Deadlocks

Introduction

A deadlock is a situation in concurrent computing when two or more processes or goroutines are unable to proceed because each is waiting for the other to release resources. This results in a state where none of the processes or goroutines can make progress.

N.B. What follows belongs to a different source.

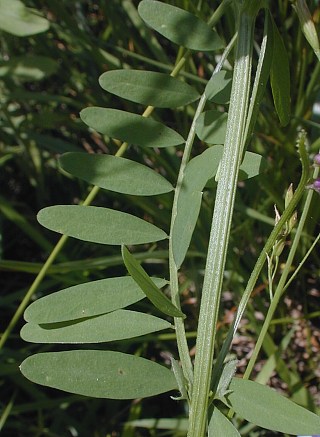 Description: This plant is a winter or spring annual that becomes 1½–3' long. It has a tendency to sprawl in the absence of supportive vegetation. The stems are light green, terete, ridged, and shiny; they often have sparse fine hairs that are very short and appressed in the channels between the ridges. The alternate compound leaves are evenly pinnate with 12-20 leaflets and a pair of terminal tendrils that can cling to adjacent vegetation. Each leaflet is up to 1" long and ¼" across, light to medium green, oblong, and smooth along the margins. Older leaflets are usually hairless, while young leaflets often have a few appressed white hairs that are rather long. The central stalk (or rachis) of each compound leaf is shiny, ridged, and flat-topped; this stalk usually has short appressed hairs like the stems, otherwise it is hairless. At the base of each compound leaf (where the petiole joins the stem), there is a pair of eared stipules with narrow basal lobes. Individual racemes of flowers develop from the axils of the upper compound leaves.

Deadlocks can cause programs to hand or freeze, leading to unresponsive systems and poor user experience. Understanding and preventing deadlocks is crucial for reliable and efficient concurrent systems.

Code:

package main

import (
	"fmt"
	"sync"
	"time"
)

func main() {
	var mu1, mu2 sync.Mutex
	go func(){
		mu1.Lock()
		fmt.Println("Goroutine 1 locked mu1")
		time.Sleep(time.Second)
		mu2.Lock()
		fmt.Println("Goroutine 1 locked mu2")
		mu1.Unlock()
		mu2.Unlock()
	}()

	go func(){
		mu2.Lock()
		fmt.Println("Goroutine 1 locked mu2")
		time.Sleep(time.Second)
		mu1.Lock()
		fmt.Println("Goroutine 1 locked mu1")
		mu2.Unlock()
		mu1.Unlock()
	}()
	// time.Sleep(3 * time.Second)
	// fmt.Println("Main function Completed")
	select {}
	
	/* CORRECT CODE AVOIDING DEADLOCKS
	One of the Soln: Follow the same lock order

	go func(){
		mu1.Lock()
		fmt.Println("Goroutine 1 locked mu1")
		time.Sleep(time.Second)
		mu2.Lock()
		fmt.Println("Goroutine 1 locked mu2")
		mu1.Unlock()
		mu2.Unlock()
	}()

	go func(){
		mu1.Lock()
		fmt.Println("Goroutine 1 locked mu1")
		time.Sleep(time.Second)
		mu2.Lock()
		fmt.Println("Goroutine 1 locked mu2")
		mu1.Unlock()
		mu2.Unlock()
	}()
		
	time.Sleep(3 * time.Second)
	fmt.Println("Main function Completed")
	// select {}
	*/
}

Causes of Deadlocks: Four Conditions for Deadlocks :

• Mutual Exclusion: at least one resource is held in a non-shareable mode. Only one process or goroutine can use the resource at a time.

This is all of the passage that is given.